Users
Users are the code representations of people. A user has a name, password and email address. A user also has zero or more roles and zero or more permissions. There are two special types of users: the administrator and the default (anonymous) user. The administrator has access to everything... that is, there is no area to which access is denied. The default user has the lowest level of access.

Roles
Roles are definitions of types of users. A user may be a page administrator, a wiki administrator, an album contributor, etc. The role itself is nothing more than a named collection of permissions. Users are assigned roles according to what they will be doing. For example, Joe may be updating album database entries, so he's assiged the Album Contributor role, which contains permissions to create albums, modify albums, rename tracks, add artists, etc.

Permissions
Permissions are required for operations to be performed. It is guarenteed that after permission assertion, the user has the permission. There is no limit to the number of permissions that may be defined (the granularity). Before an operation is to take place to which only certain users should have access, the associated permission should be asserted. For example, in the addAlbum(Artist,String) method, the "org.my.music.Album.add" permission might be asserted. For more details on assertion, see Usage.

package test.org.benow.security; : public class SomeOperation { public static final Permission PERM_INVOKE = Security.declareLocalPermission("invoke"); : }

That chunk of code uses the Security helper class to declare a permission named 'test.org.benow.security.SomeOperation.invoke'. The class name is inferred using the stack trace. That is it for permission declaration, any fancy stuff could be done behind the scenes in the active backend, but more on that later.

Once declared, the permission can be asserted before protected code, as such:

public void doSomething() { PERM_INVOKE.assertPermission(); System.out.println("User: "+Security.getCurrentUser().getName() +" has permission: "+PERM_INVOKE); }

So, the permission is asserted at the start of the doSomething() method. If the user (associated with the current thread) has the permission, execution continues. If the user does not have the permission, as java.lang.security.SecurityException is thrown and the sensitive code is not executed. The full class looks like this:

package test.org.benow.security; import org.benow.security.Security; import org.benow.security.permission.Permission; public class SomeOperation { public static final Permission PERM_INVOKE = Security.declareLocalPermission("invoke"); public void doSomething() { PERM_INVOKE.assertPermission(); System.out.println("User: "+Security.getCurrentUser().getName() +" has permission: "+PERM_INVOKE); } }

That is all there is to permission declaration and assertion, but in order for the assertion to take place, the current user must be tested. Before the user can be tested, the user itself must be fetched in a process called authentication... that is, the username and password must be specified and used to retrieve the user. If the password is incorrect, another SecurityException is thrown. An example of authentication follows:

User user=Security.authenticate(userName, password);

We know the user, and now need to associate the user is associated with the secure code execution. The invocation of secure code is slightly different than normal code, in that the code must be associated with the user. This prepared invocation should take place whenever code that requires security is invoked.
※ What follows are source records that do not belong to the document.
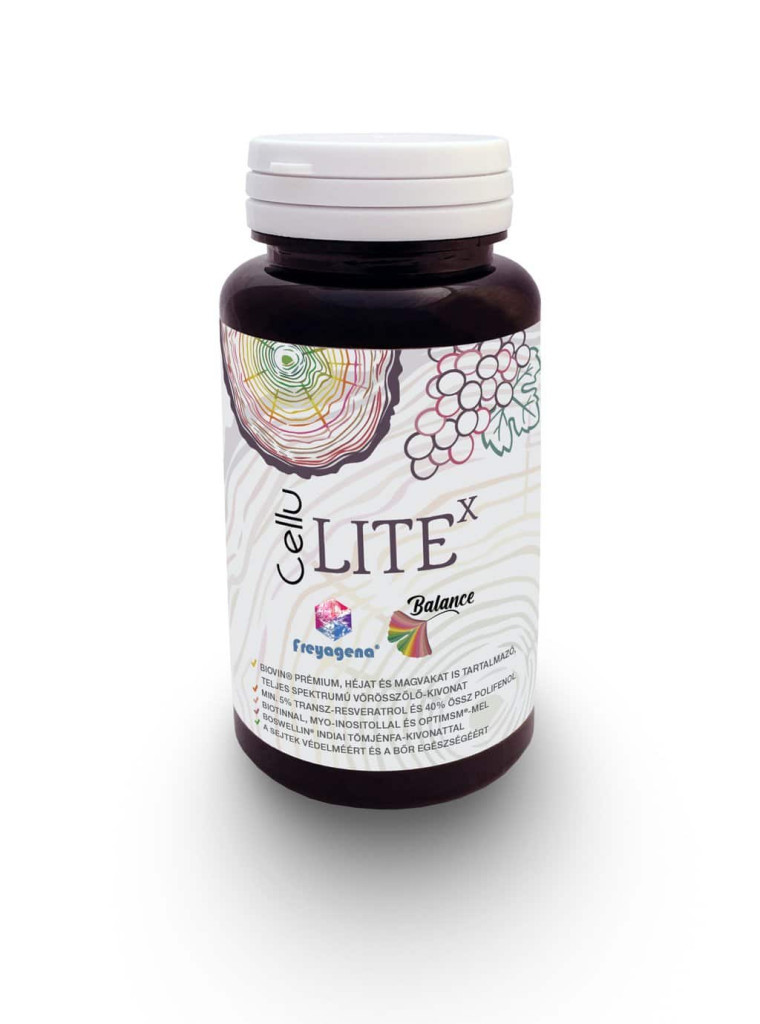 Advanced szőlőhéj és szőlőmag kivonat. Ez a teljes spektrumú kivonat jótékony növényi hatóanyagokat tartalmaz, amelyek az egész szőlőben megtalálhatók. Ezek a vegyületek, mint például az antocianinok, proantocianidinek, transz-rezveratrol, polifenolok széles körben ismertek antioxidáns tulajdonságaikról, amelyek hozzájárulnak a kötőszövetek (kifejezetten a bőr) rugalmasságához. Ez a francia vörösborszőlő kivonat minden egyes CELLU LITE kapszulában 5 (!) pohár vörösbornak megfelelő rezveratrolt biztosít. Segíti az egészséges öregedést. Segíti a szervezet antioxidáns potenciáljának támogatását. Segít fenntartani a kötőszövetek rugalmasságát, így járul hozzá (4 másik szinergikus összetevővel) a narancsbőr megelőzéséhez és enyhítéséhez.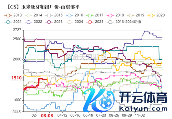 第三阶段(2月26日-于今):玉米价钱颤动上行,最高点2324元/吨。一方面,前期玉米销售程度进一步鼓舞,面前玉米余量如故低于5成,总体供应压力有所缩小;另一方面,3月初华北地区的降雪天气导致深加工门前到车量进一步减少,深加工连接提价促收,华北地区现货价钱颤动飞腾。
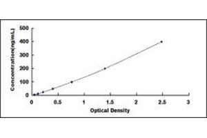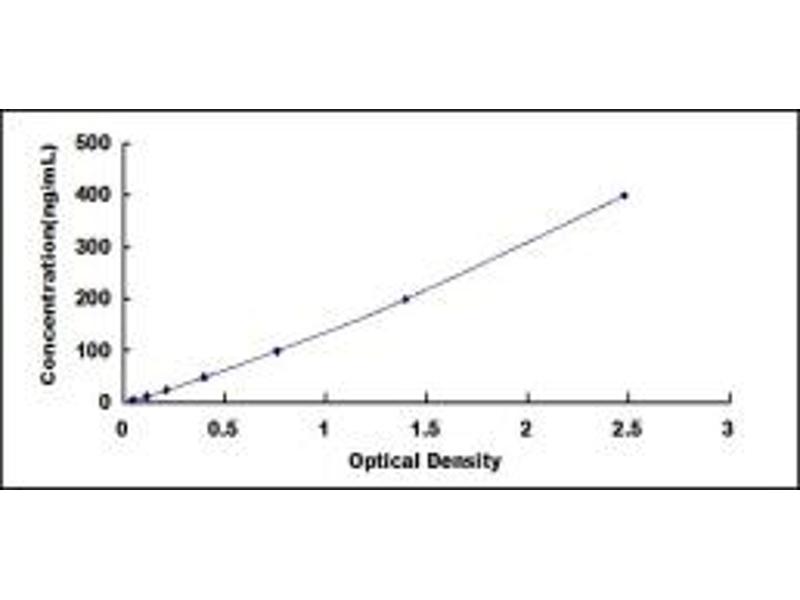 - Standard - Reconstitute the Standard with 1.0 mL of Standard Diluent, keep for 10 minutes at room temperature, shake gently (not to foam). The concentration of the standard in the stock solution is 2,000 ng/mL. Firstly dilute the stock solution to 400 ng/mL and the diluted standard serves as the highest standard (400 ng/mL). Then prepare 7 tubes containing 0.5 mL Standard Diluent and use the diluted standard to produce a double dilution series. Mix each tube thoroughly before the next transfer. Set up 7 points of diluted standard such as 400 ng/mL, 200 ng/mL, 100 ng/mL, 50 ng/mL, 25 ng/mL, 12.5 ng/mL, 6.25 ng/mL, and the last microcentrifuge tube with Standard Diluent is the blank as 0 ng/mL.

If code requiring security is executed without being associated with a user, a warning is issued and the user is assumed to be the administrator, so wrap it or anybody can do anything. An example of wrapped execution is:

Object result=Security.associate(user, new PrivilegedAction() { public Object exec() throws Exception { return new SomeOperation().doSomething(); } }).exec(); System.out.println(result);

The final full invocation class looks like this:

package test.org.benow.security; import org.benow.security.Security; import org.benow.security.user.PrivilegedAction; import org.benow.security.user.User; public class SecurityTester { public static void main(String[] args) { if (args.length<2) { System.err.println("Usage: "+SecurityTester.class.getName()+" "); System.exit(-1); } String userName=args[0]; String password=args[1]; try { User user=Security.authenticate(userName, password); Object result=Security.associate(user, new PrivilegedAction() { public Object exec() throws Exception { return new SomeOperation().doSomething(); } }).exec(); System.out.println(result); } catch (SecurityException e) { System.err.println("Insufficient permissions to execute action."); e.printStackTrace(System.err); } catch (Throwable e) { e.printStackTrace(System.err); } } }

There is more to the security api, but not much more, from a casual developer perspective. Notibly, the Security class is the primary way of accessing security functions and objects and many of its methods are useful.

• RepositorySecurityAdministrator - repository - An administrator that uses a the object repository api (ie from a jdbc database) to provide security information. This backend features automatic table creation, automatic permission registration, fast performance, flexible persistence, easy development and administration and a few other tricks.
• XMLSecurityAdministrator - benow-castor - An administrator that uses augmented castor to manage an xml file containing security information. It does the job, but it is best suited to quick development, but does not scale... not that it matters much for smaller multi user apps.